Vercel's gateway data — two hundred thousand teams, seven months of production traffic — puts fifty-nine percent of token volume on multi-turn agentic workloads. That is the majority case now, not the upside case. Anthropic captures sixty-one percent of spend on the reasoning end. Google captures thirty-eight percent of volume on the cheap-throughput end. The bifurcation is structural.

If the eval harness you ship with still scores single-turn completions, it is measuring the forty-one percent minority. If the cost model still assumes a 3:1 input-output ratio, it is off by roughly five times — agentic traces run closer to 15:1. If the per-tenant attribution layer does not exist, you will discover the overrun the way ServiceNow did, from the invoice rather than the dashboard. Anthropic provides no native per-user telemetry. That observability gap is now your problem, on a deadline.

OpenAI dropped two months of free Codex for enterprise switchers the same day Anthropic metered the credits. The window closes July 13. Treat it as a free evaluation with asymmetric payoff — even a no-switch outcome leaves you with comparison data and renewal leverage you did not have last week.

What changes Monday

Do three things this week.

First, run active discovery for every NGINX, Traefik, Argo CD, LiteLLM, and MOVEit instance across public and internal subnets. CMDB will not have them all — the eighteen-year-old NGINX bug means every fork, every vendored copy, every appliance pinning a 2014 build is in scope. Patch the perimeter tonight. Rotate every Kubernetes secret Argo CD could reach. Treat any LiteLLM-stored API key as burned and rotate.

Second, model the new Anthropic invoice before June 15. The number you want is current third-party Claude usage minus the plan credit equivalent, multiplied by API rates. If that number breaks the budget, you have thirty days to either pilot Codex on the free offer or restructure the contract while you still have leverage. Ship per-customer, per-feature cost attribution before the next AI feature launches. The instrumentation Anthropic does not provide is the instrumentation you have to build.

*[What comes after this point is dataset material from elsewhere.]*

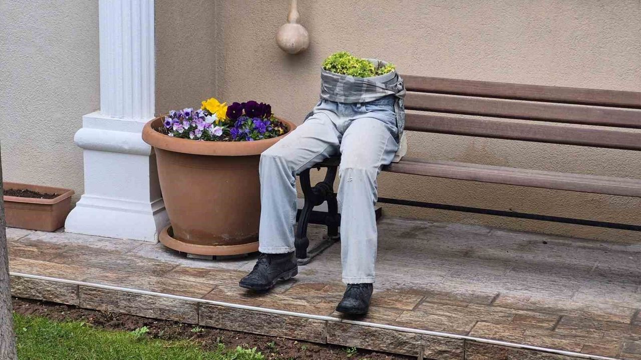 Ertuğrulgazi Mahallesi'nde, Şanver Sokak'ta bulunan bir evin bahçesinde yer alan bankın üzerine yerleştirilen bu dekorasyon, göze çarpan bir görüntü oluşturdu. Ayakkabı, pantolon ve saksının bir araya getirilmesiyle oluşturulan bu ilginç tasarım, adeta bankta oturan bir kişiyi andırıyor. İnsan figürlü saksı, hem estetik hem de korkutucu özelliğiyle, yoldan geçenlerin dikkatini çekmeyi başardı.

Third, compress the critical patch SLA on internet-facing systems from thirty days to seventy-two hours and write it down. The SLA is the artifact that gets quoted in the post-mortem. If the document still says thirty, the post-mortem will say thirty.

The stack the industry shipped on Monday assumed human-tempo adversaries, subsidized inference, and obscurity in the detection layer. None of those three assumptions survived the week.